The New York Times, December 2, 2004

Documentary filmmakers have long wrestled with the need to obscure the identities of gays and lesbians in their work, to avoid such unpleasant consequences as job loss or a falling out with family.

Parvez Sharma, a director in New York, has been worried that much worse could await the Muslim homosexuals profiled in his film In the Name of Allah if ever they were identified.

For some, imprisonment or torture is a possibility, Sharma said. Indeed, one of Sharma’s associate producers, a gay Egyptian man, will not be listed in the credits at his own request because of the perceived risk.

And threats to the director have become routine.

“About every two weeks I get an e-mail that berates me, condemns me to hell and, if they are nice, asks me to still seek forgiveness while there is still time,” Sharma said, speaking about his as yet unfinished film, which he is preparing to take on the festival circuit in 2006.

That such pressure is building around a project still a year from completion is the best measure of a perhaps widening gulf that separates an increasingly open attitude toward gay and lesbian life in many Western countries from that of predominantly Muslim ones.

With backing primarily from European television broadcasters, including Channel 4 in Britain, Arte in France and ZDF in Germany, Sharma set out nearly two years ago to examine how homosexual Muslims around the world reconciled their faith with their sexual orientation.

In doing so, the director received advice and moral support from his producer, Sandi Simcha DuBowski, the filmmaker behind Trembling Before G-d, a feature-length documentary that two years ago investigated the lives of Orthodox and Hasidic Jews who are also gay or lesbian.

“Parvez’s film is extremely important,” DuBowski said. “It challenges the idea that there are no Muslim gays or lesbians. It poses much the same question that Trembling Before G-d did: Why would gays want to be part of a tradition that rejects them?”

Sharma, who was born and raised in India, said the inspiration for his film came from his own experiences as a gay Muslim. His curiosity about how Islam and homosexuality intersect grew when he attended American University in Washington, where he received a master’s degree in film and video.

Listening to stories told by gay Muslims at the school, Sharma conceived the idea of a picture that would “give voice to a community that really needed to be heard and that until now hadn’t been; it was about going where the silence was strongest.”

Sharma has conducted interviews throughout North America, Europe, Asia and the Middle East, in such countries as Afghanistan, Pakistan, India and Egypt. Many of the people he interviewed were found through the Internet.

“I received thousands of e-mails shortly after word got out about the film,” Sharma said. “One 17-year-old Egyptian is remarkably brave, quite open about his sexual orientation despite that country’s crackdown on homosexuals.”
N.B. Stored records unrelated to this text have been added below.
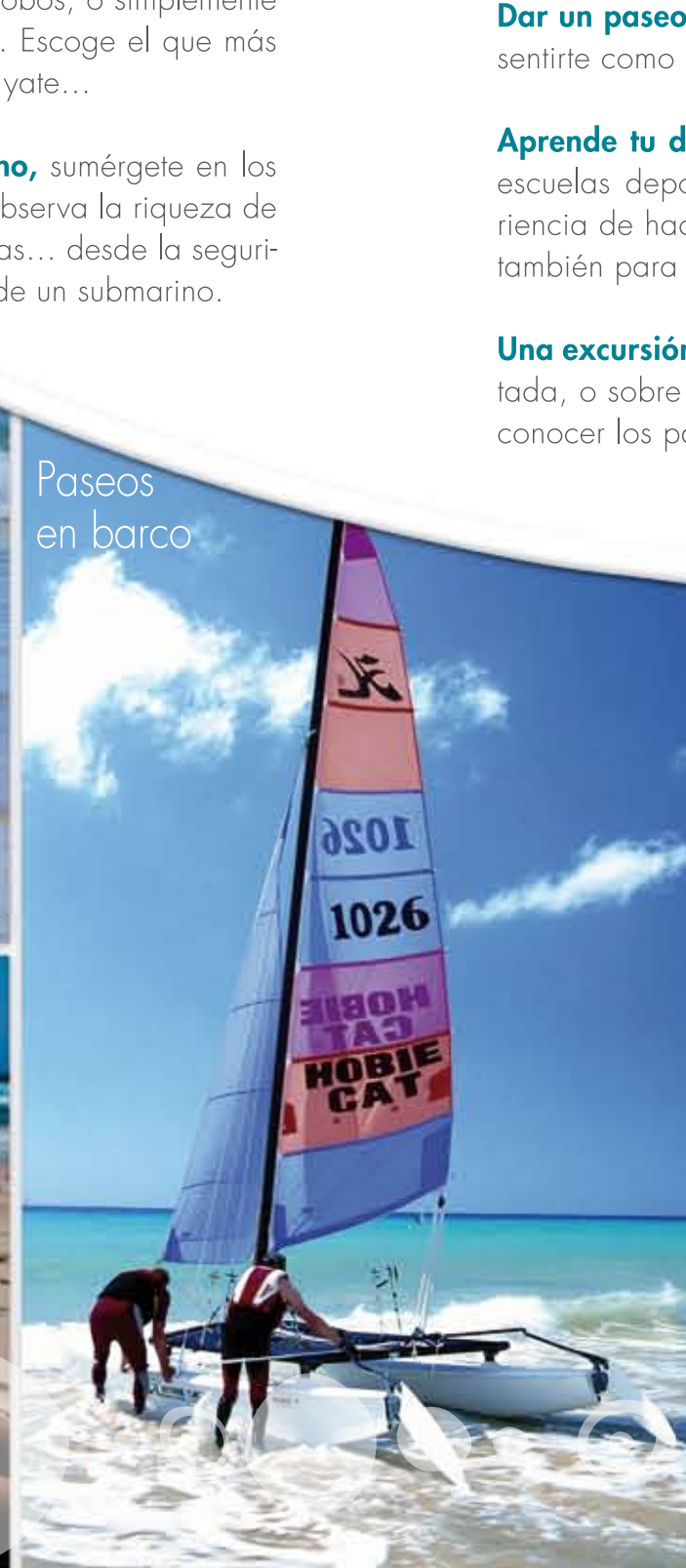
Paseos en barco
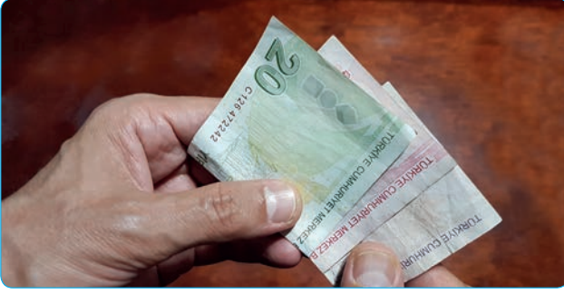
Görsel 3. 8. Fitre, Ramazan ayına özgü bir sadakadır.

Oruç ibadeti farz, vacip ve nafil olmak üzere üç çeşittir.
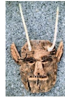
Máscaro de Ousilhão. (Autor: António Tiza);

As with Christianity and Judaism, there is a broad range of expert opinion on the exact nature of Islam’s official stance toward homosexuality. Some scholars interpret the Quran as suggesting that there is no condemnation of homosexuality, while others read Muslim scripture as indicating that homosexual acts should be punished with death.

Given the hostility toward homosexuality in some Islamic factions, Sharma has gone to great lengths to reassure many of his interview subjects that they will remain anonymous.
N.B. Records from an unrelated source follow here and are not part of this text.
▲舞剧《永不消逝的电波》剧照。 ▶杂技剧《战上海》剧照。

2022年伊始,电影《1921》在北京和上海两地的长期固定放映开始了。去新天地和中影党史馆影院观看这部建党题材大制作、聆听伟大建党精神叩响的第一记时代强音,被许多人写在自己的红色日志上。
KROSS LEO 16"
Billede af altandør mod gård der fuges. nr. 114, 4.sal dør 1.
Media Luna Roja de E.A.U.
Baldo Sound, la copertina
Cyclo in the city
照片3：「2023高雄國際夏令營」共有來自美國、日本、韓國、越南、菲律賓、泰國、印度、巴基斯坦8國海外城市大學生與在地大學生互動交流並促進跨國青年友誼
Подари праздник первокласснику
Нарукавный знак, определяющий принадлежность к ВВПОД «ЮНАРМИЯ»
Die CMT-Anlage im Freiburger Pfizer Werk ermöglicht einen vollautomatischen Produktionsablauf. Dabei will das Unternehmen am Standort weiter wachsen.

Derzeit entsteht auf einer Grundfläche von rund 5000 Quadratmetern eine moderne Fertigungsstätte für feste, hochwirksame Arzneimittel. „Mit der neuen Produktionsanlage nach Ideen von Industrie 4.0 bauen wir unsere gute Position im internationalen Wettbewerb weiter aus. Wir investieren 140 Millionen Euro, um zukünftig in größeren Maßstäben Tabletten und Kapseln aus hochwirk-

But this obscuring of identities has led to what the director regards as one of his key challenges: filming people in silhouette or with their faces covered tends to reinforce a sense of shame around homosexuality, precisely countering one of Sharma’s main objectives.
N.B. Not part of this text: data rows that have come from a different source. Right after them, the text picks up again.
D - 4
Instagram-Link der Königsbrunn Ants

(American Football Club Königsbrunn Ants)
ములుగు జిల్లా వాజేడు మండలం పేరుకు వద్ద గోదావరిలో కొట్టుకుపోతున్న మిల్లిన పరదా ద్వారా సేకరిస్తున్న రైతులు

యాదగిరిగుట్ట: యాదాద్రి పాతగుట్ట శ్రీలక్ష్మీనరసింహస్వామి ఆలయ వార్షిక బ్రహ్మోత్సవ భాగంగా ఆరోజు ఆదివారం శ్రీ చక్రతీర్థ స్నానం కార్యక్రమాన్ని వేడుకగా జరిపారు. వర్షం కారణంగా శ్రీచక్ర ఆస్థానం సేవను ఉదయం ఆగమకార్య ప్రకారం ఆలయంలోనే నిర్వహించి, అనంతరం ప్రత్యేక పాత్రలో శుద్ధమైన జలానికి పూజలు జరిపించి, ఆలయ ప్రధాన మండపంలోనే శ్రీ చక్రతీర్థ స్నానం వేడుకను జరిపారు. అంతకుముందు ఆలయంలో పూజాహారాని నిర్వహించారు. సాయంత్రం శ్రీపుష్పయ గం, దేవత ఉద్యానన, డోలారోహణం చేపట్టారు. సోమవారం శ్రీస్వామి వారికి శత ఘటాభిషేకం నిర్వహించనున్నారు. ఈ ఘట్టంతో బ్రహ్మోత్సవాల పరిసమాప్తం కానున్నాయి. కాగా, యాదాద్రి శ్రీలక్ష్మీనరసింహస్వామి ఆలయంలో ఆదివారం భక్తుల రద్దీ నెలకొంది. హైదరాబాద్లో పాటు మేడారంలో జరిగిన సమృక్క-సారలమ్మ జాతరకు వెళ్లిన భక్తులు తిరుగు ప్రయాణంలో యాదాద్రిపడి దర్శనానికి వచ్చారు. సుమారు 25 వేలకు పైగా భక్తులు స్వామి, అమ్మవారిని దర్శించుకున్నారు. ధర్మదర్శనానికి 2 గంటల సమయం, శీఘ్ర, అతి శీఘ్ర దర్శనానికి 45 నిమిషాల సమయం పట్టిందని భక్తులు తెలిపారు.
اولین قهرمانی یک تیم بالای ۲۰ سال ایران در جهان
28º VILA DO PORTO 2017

“One young Afghan woman I’ve interviewed, if her family found out about her being lesbian they would undoubtedly kill her,” Sharma said.

“So it’s unavoidable. In certain circumstances, I’m going to have to conceal faces. But I’d rather not.”

Still, nothing in that difficult process—including the threats to himself—has destroyed Sharma’s faith in the ability of Islam to tolerate diversity.

“You have to understand,” Sharma said, “that Islam is a religion of more than a billion people, one more than 13 centuries old, that has been hijacked by an extremely small and sometimes loud minority.